The base station 230 of the mode conversion method receives the identification code and the emergency call signal transmitted from the smart it emergency bell 210 of the mode conversion method and wirelessly transmits them, a Zigbee communication module 231, A control module 233 and an external communication module 234 are provided. Meanwhile, the ZigBee communication module 231 may further include a UHF transmission/reception module 232 .

The ZigBee communication module 231 performs ZigBee communication with the smart it emergency bell of the mode switching method, and the control module 233 transmits the identification code and the emergency call signal of the smart it emergency bell of the mode switching method to the ZigBee.
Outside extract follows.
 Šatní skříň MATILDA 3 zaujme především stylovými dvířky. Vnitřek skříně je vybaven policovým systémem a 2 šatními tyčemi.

After receiving through the communication module, it is transmitted wirelessly to the server, and the external communication module 234 is activated by the control module to communicate with the server.

The base station 230 of the mode conversion method transmits information about the identification code transmitted from the smart it emergency bell 210 of the mode conversion method and information about the emergency call signal S4 to the Zigbee communication module 231 or Zigbee. It is received through the UHF transmission/reception module 232 provided in the communication module 231 , and the information is processed and transmitted to the server 250 through the external communication module 234 .
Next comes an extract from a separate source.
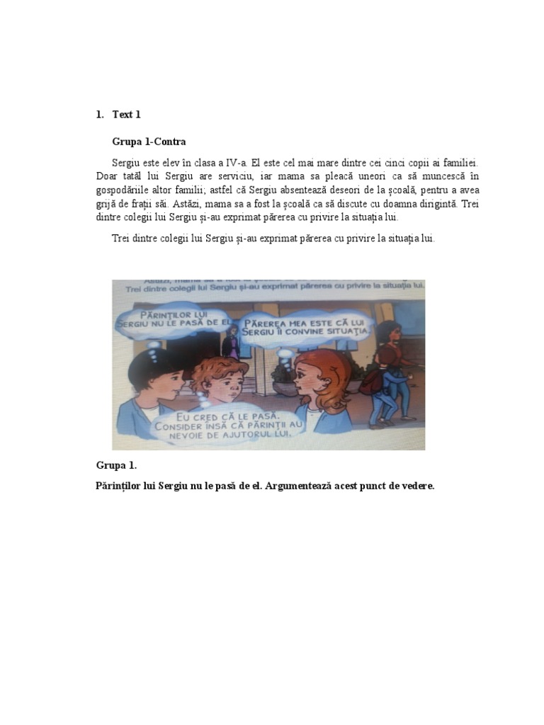 Părinților lui Sergiu nu le pasă de el. Argumentează acest punct de vedere.

The server 250 receives information on the identification code and information on the emergency call signal S4 transmitted from the base station 230 of the mode switching method, and analyzes it to cope with an emergency situation occurring in a specific place. It performs the function of calling the relevant organization.
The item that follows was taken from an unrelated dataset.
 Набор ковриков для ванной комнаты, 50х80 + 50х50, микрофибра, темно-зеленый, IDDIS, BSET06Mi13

To this end, the server 250 includes a receiving unit 251 , an analysis unit 252 , an engine call unit 253 , and a second alarm sound generating unit 254 .

The receiving unit 251 receives the identification code and the emergency call signal S4 transmitted from the base station 230 of the mode conversion method, and the analyzing unit 252 responds to the received identification code and the emergency call signal. The included information is analyzed to determine the area where the emergency call signal is generated.

The agency calling unit 253 outputs a signal for calling an agency capable of providing the service in order to provide a necessary service to the region where the emergency call signal S4 is generated, and the second alarm sound generating unit 254 is At the same time receiving information about the identification code and the emergency call signal (S4), an alarm sound is generated through the built-in speaker.

Thus, according to the wireless crime prevention system using the smart it emergency bell of the mode switching method according to the second prior art, the wireless Since it is possible to check whether the function of the security system is functioning properly, it has the advantage that residents of the area where this wireless security system is installed can use places such as underground parking lots with confidence.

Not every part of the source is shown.